Sprayed red wine does not leave an especially visible mark on black, so it was lucky that Jules was a publisher at the time. But the jesting idea, whimsical and ad hoc as it was, stuck somehow in her mind. She fancied herself the distant daughter of Benvenuto Cellini and couldn’t help noticing how real estate prices were rising dizzyingly and the demand for wrought iron lacework with them.
Lace iron had first come to Australia as ballast in the bottoms of cargo ships, and the supply had been pretty much exhausted by the 1980s.
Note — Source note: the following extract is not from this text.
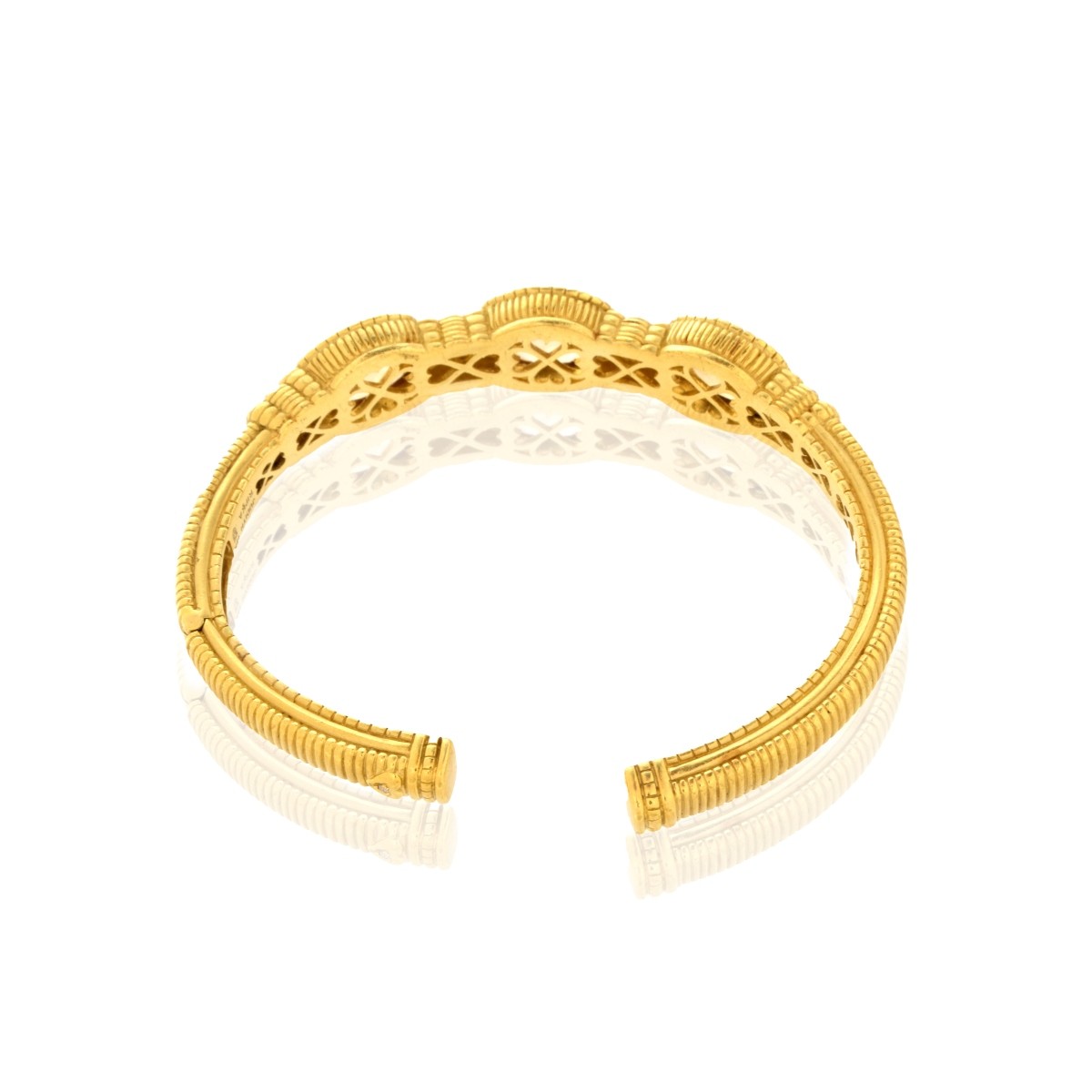 Judith Ripka Approx. 15.0 Carat TW Three Oval Cut Citrine, .20 Carat TW Round Brilliant Cut Diamond and 18 Karat Yellow Gold Hinged Cuff Bangle Bracelet. Citrines with vivid color. Signed, stamped 18K. Measures 5-1/2" L (plus 9/16" opening). Approx weight: 36.10 grams. Condition: Very good condition. Slightly out of round. For additional information and/or WhatsApp video please contact our resident GIA Graduate Gemologist, Russ Kodner at 954.650.5030 Estimate: $4000.00 - $6000.00 Domestic Shipping: $32.00

In the ’90s you couldn’t find any for love or money, so everyone wanted it. Aluminum was cheaper and lighter but it had a fatally ersatz lightness and cheapness. Iron struck from the soil of the land, that was the thing. Iron crushed and melted and poured bright white into moulds shaped with fleurs des lys and little doggies’ faces and vine leaves and sunbursts and God knows what all. Noble iron lions standing atop pillars of iron, and gryphons wrapped in writhing snakes with iron scales and frozen flickering iron tongues. There was money in it, and art, of a sort. Juliet resigned from Pen with a nice bonus and bought up a failing foundry in a sunless portion of Sunshine, not all that far from where she’d grown up in Footscray when that was still a working class suburb. Her sainted mother was scandalized. Not as scandalized, it’s true, as when Jules married me.